Wenn sich nun Runnicles allein auf das Opferbeil verlässt, das auch Strauss oft genug schwingt, dann fehlt ihm doch das Fleisch dazu, dass er damit schneiden könnte. Da wird man als Zuhörer von den kurzen Zwischenspielen aufgeschreckt und wirklich in Bann geschlagen, um dann festzustellen, dass es sich um eine leere Geste handelt, die kein Ziel findet, auf das sie sich richtet. Das ist ein Fehler im dramatischen Kalkül, eine fehlende Feinabstimmung, zwischen den das Werk so wohlig-menschlich ausfütternden Melodiebögen und den orchestralen Donnerschlägen. Die knallig-klangliche Sprödigkeit, die gut zu einem schwärzlich-grünspanigen archaischen Bronzebeil passt, wird der Darstellung der Menschen, um die es letztlich auch geht, weniger gut anstehen. Strauss hat nun eine ganze Menge an Räucherwerk und aufschreienden Verzweiflungstränen dazwischengestreut, um die Annahme des Opfers durch das Publikum zu befördern. So wie vieles an triefender Metapher, von Hofmannsthal vorgetextet, den SängerInnen über die Lippen kommen muss. Da ist ein Antagonismus spürbar, aus dem sich die Spannung erzeugt, getrieben von einer mythischen, rhythmisierenden Begleitung. Wenn diese „Elektra“-Maschine nicht richtig anspringt, dann verblassen die im Kern doch arios angelegten Szenen, dann hängt sich die Aufführung nur an den wuchtigen, imposanten Zwischenspielen auf wie an einem metallenen Gitterrost. Und genau das ist an diesem Abend passiert.

So kam es denn, dass Elektras Auftrittsmonolog flach wirkte, dass Klytemnästras „mottenzerfressene Verzweiflung“ im Orchester (und leider auch auf der Bühne) nicht minder flach und ohne analytische Wirkungskraft an einem vorüber zog. Denn der Priester darf dem Opfer nicht nur drohen, sondern er muss es auch mit entsprechender Fürsorglichkeit reinigen und „vorbereiten“. Er muss es in seiner Würde instandsetzen, um es dann „würdevoll“ umbringen zu können. Dazu kommt natürlich, dass Deborah Polaski im Kern doch zu wenig hochdramatisch ist, um ihr Anliegen dermaßen auf den Punkt zu bringen, dass es im Sinne von mehreren „Triff noch einmal!“ in barbarischer Nervenzerfetztheit durch den Raum schnitte. Sie kann auch nicht mehr geben, als sie hat, auch wenn sie „alles“ gibt, und man ihr wirklich nicht nachsagen kann, dass sie es nicht verstünde, diese Partie eindrucksvoll und mit kluger Ressourceneinteilung zu gestalten.

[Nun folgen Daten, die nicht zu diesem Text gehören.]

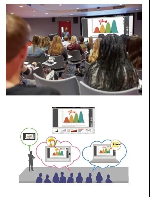 通過(guò)共享每個(gè)人的電子設(shè)備,讓團(tuán)隊(duì)、講師和主持人集思廣益,共同合作。

Runnicles schien insgesamt dem melodiösen Ausschwingen zu wenig Raum zu lassen. Die Szene mit den fünf Mägden diente überhaupt zum allgemeinen Aufwärmen und der richtigen Tempofindung, leider auch noch Elektras Monolog. Aber ich denke, dass die Folgeaufführungen homogener sein werden.

Ricarda Merbeth hat mich sehr positiv überrascht, ich befürchtete, die Chrysothemis wäre für ihre Stimme noch grenzwertiger gelegen. Die Klytemnästra von Hanna Schwarz schöpfte das mögliche Ausdruckspotential zu wenig aus, außerdem zeigte ihre Stimme einiges an Korrosionsspuren. Falk Struckmann kann man als Orest kaum überhören, was ja in einer Elektra schon mal grundsätzlich sehr positiv zu bewerten ist, aber nicht schon notwendig ein gutes Licht auf seine Kantabilität wirft.

Der heftige Applaus hat mich schlussendlich doch überrascht, zumal es beim Orchester sicher noch einiges an Steigerungspotential gibt, bei den SängerInnen wohl kaum, die bewegten sich schon fast alle an der Grenze dessen, was ihre Stimmbänder noch goutierbar zu leisten vermögen.